For reviewing this PR, see:

https://flax--2111.org.readthedocs.build/en/2111/howtos/full_eval.html

https://colab.research.google.com/github/andsteing/flax/blob/doc/docs/notebooks/full_eval.ipynb

Note that for running the Colab you'll need to replace the line

!pip install -q git+https://github.com/google/flax

with

!pip install -q git+https://github.com/andsteing/flax@doc

review-notebook-app · 2022-05-10T12:05:06Z

Check out this pull request on

See visual diffs & provide feedback on Jupyter Notebooks.

Powered by ReviewNB

codecov-commenter · 2022-05-10T12:30:43Z

Codecov Report

Merging #2111 (d0822db) into main (7c56ba9) will increase coverage by 0.19%.
The diff coverage is 96.87%.

@@            Coverage Diff             @@
##             main    #2111      +/-   ##
==========================================
+ Coverage   74.91%   75.10%   +0.19%     
==========================================
  Files          59       59              
  Lines        5042     5094      +52     
==========================================
+ Hits         3777     3826      +49     
- Misses       1265     1268       +3

Impacted Files	Coverage Δ
flax/jax_utils.py	`66.66% <96.87%> (+10.28%)`	⬆️
flax/linen/__init__.py	`100.00% <0.00%> (ø)`
flax/linen/activation.py	`100.00% <0.00%> (ø)`
flax/linen/partitioning.py	`81.49% <0.00%> (+0.01%)`	⬆️
flax/traverse_util.py	`98.97% <0.00%> (+0.03%)`	⬆️

Continue to review full report at Codecov.

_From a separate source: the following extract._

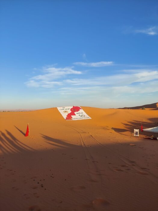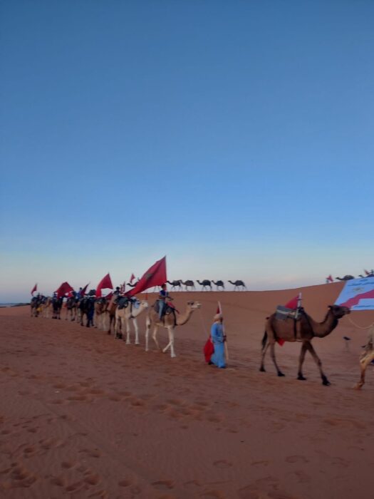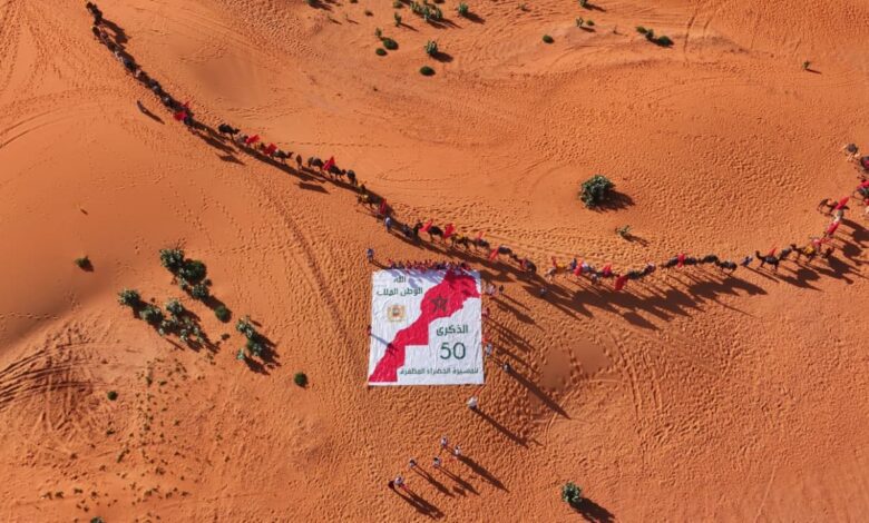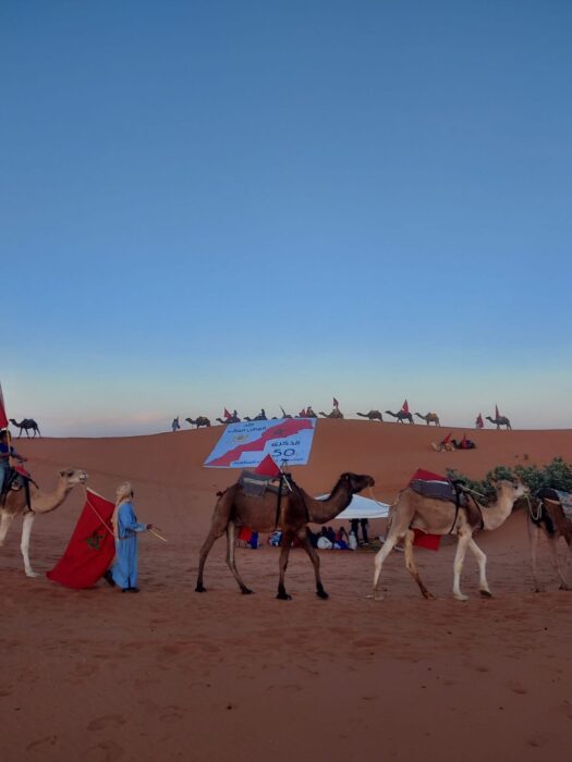 احتضنت الكثبان الرملية بمنطقة “إيرغ شبي” (Erg Chebbi) قرب مدينة الريصاني هذا الحدث الرمزي الفريد، الذي جمع بين الفرجة البصرية، الرسالة الوطنية، والإبداع الفني، حيث جابت خمسون جملاً رمال الصحراء في تشكيل فني بديع على هيئة خريطة المملكة المغربية، في إحالة بليغة إلى الوحدة الترابية للمغرب ومرور نصف قرن على ملحمة المسيرة الخضراء التي غيّرت مجرى التاريخ.

Legend - Click here to learn more
Δ = absolute <relative> (impact), ø = not affected, ? = missing data
Powered by Codecov. Last update 7c56ba9...d0822db. Read the comment docs.

docs/howtos/full_eval.rst

marcvanzee

Looks great!

marcvanzee · 2022-05-12T08:11:16Z

docs/howtos/full_eval.rst

+does not form a complete batch at the end.
+
+
+The problem


It seems the problem is two-fold: double compilation (both in training and eval), and incorrect metric results (in eval). Is this correct? Maybe it is worth emphasizing this. Currently you state that is especially important during eval but you don't explain why.

I see it more like this

In eval, we care about processing the full dataset because otherwise the metrics are off. (in training we usually do multiple epochs and using some examples 1x less for training does not matter)

When we want to avoid loosing data at the end, we run into other problems (like e.g. multiple compliations)

I think 1. is mentioned in the first paragraph "Especially when evaluating a model, it is important that we process all examples", and 2. is mentioned further down as disadvantage of some solutions.

docs/howtos/full_eval.rst

cgarciae · 2022-05-12T11:05:26Z

One case that might be worth discussing is what to do if you update the metric state inside a compiled train_step/test_step. It would seem that you would have to use padding plus some form of masking?

@cgarciae

The added sub-section "Computing metrics in ``eval_step()``" and corresponding Colab cell show how to use the new argument to compute metrics inside the `eval_step()`. In response to comment by @cgarciae

andsteing · 2022-05-16T11:52:00Z

One case that might be worth discussing is what to do if you update the metric state inside a compiled train_step/test_step. It would seem that you would have to use padding plus some form of masking?

@cgarciae, please check out the added section about using a eval_step() with the new argument pad_shard_unpad(static_return)

docs/howtos/full_eval.rst

jheek · 2022-05-16T11:57:27Z

docs/howtos/full_eval.rst

+Adding "infinite padding"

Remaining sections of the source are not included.